Butler also recalled Weathersbee asking him to step in when he thought a judge was trampling on the rights of the families of two murder victims; before the appeal was heard, the judge changed her earlier decision.

"I have nothing but praise for the guy, and that's even though he took shots at me," said Joseph P. Manck, a retired Anne Arundel County Circuit and District Court judge, referring to Weathersbee's criticism of sentences he thought too light.

"He was invaluable for the courts. He pushed for the drug courts and he pretty much opened it up to anybody who was interested. He was willing to take a chance on people," Manck said.

Weathersbee said that with 80 percent of crimes rooted in addiction — and seeing drug courts work elsewhere — he talked them up for Anne Arundel's courts. The first one in the county began in 1997 in District Court, diverting defendants into treatment, and expanded into circuit and juvenile courts.

State statistics for 2011-2012 show that in the county's Circuit Court drug court, 31 people were booted out, but 34 graduated.

"We actually can salvage some lives that otherwise would be in and out of prison by getting them off drugs and getting them clean, and getting them employed," Weathersbee said.


"His support for drug treatment courts has assisted a number of county residents in their battle against the pains and evils of addiction," said District Public Defender William M. Davis.

Weathersbee has come under fire from some African-Americans, notably for his office's handling — and loss — of a high-profile 2005 manslaughter case in which the victim was a black teenager and the accused was white. He was also criticized for having few minority prosecutors, said civil rights activist Carl O. Snowden.

Weathersbee said he hires the best applicants; sometimes they're minorities, sometimes they're not. The office currently has three black prosecutors among five minority attorneys.

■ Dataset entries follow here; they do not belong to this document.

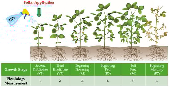 In our previous short-term empirical outcomes with other plants, ZnO-NPs positive physiological responses were observed typically one month after the second foliar application of NFs at a statistically significant level in sunflower [13] and lentil [15], as well as in extending critical metabolic–energetic processes during the vegetation period in foxtail millet [14]. Results of this agronomic study demonstrated that a single foliar application of nanofertilizers (NFs) was sufficient for soybeans, potentially lowering the financial costs associated with fertilizer use.
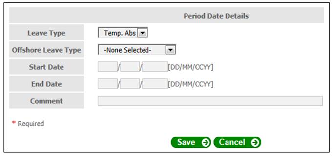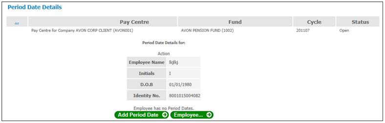 Click PERIOD DATES. The Period Date Details screen is displayed.
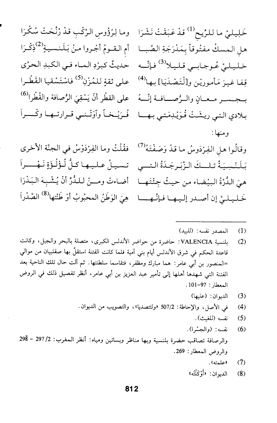 بَلَنْسِيَةٌ تلكَ الزَّبَرجَدَةُ التي ... تسيلُ عليها كلُّ لُؤْلُؤَةٍ نَهْراَ
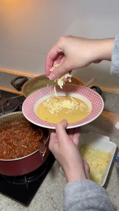 Polenta mole com carne moída e queijo 🍽️😍 #Receita #Comida #cozinha #donadecasa #topz

Weathersbee won his 2010 election by just under 3 percentage points, the only time when his Republican challenger was an African-American lawyer, but generally has had higher margins of victory. Snowden supported Weathersbee.

Republicans have complained about Weathersbee for decades, alleging that his office botched cases and saying it plea-bargained about 95 percent of its cases. Weathersbee sloughed off the criticism.

Dan Nataf, who heads the Center for the Study of Local Issues at Anne Arundel Community College, said short of a big scandal, courthouse officeholders typically retain their positions.


"It was easy to remember he has a sign with a little bee in it, and a good sign presence in the county. It didn't seem like there was any compelling reason to get rid of him," Nata said.

A prosecutor since 1969, Weathersbee was named by the county's Circuit Court judges to replace his charismatic boss, Warren B. Duckett Jr., who was appointed to the bench. He concedes that Duckett, who has since died, was far more effervescent than he is. Many attorneys agree.

"He is not a charismatic guy, but he is an excellent administrator," said criminal defense attorney John H. Robinson III, whose disputes with Weathersbee led him to quit his prosecutor's job well over a decade ago.

Weathersbee acknowledged that he's mellowed since he was a young prosecutor. His former TR4 sports car is a fond memory; he drives a Toyota Avalon sedan these days.

His pursuits have become less active from decades ago, when he organized a state's attorney softball team and played shortstop. And he quit sailing decades ago: "I have run aground almost every place you can run aground in the Chesapeake Bay," he said.

He used to play golf, but that fell away in favor of golf on a computer in the Crownsville home he shares with his wife, Patricia. He also plays an air traffic controller game in which "I don't lose many planes," he said.


Weathersbee also loves a game that allows him to sink ships in World War II, and he says his failure to ever win as the South in a Civil War game — though he often wins as the North — has left him amazed that "the South was able to hang on so long."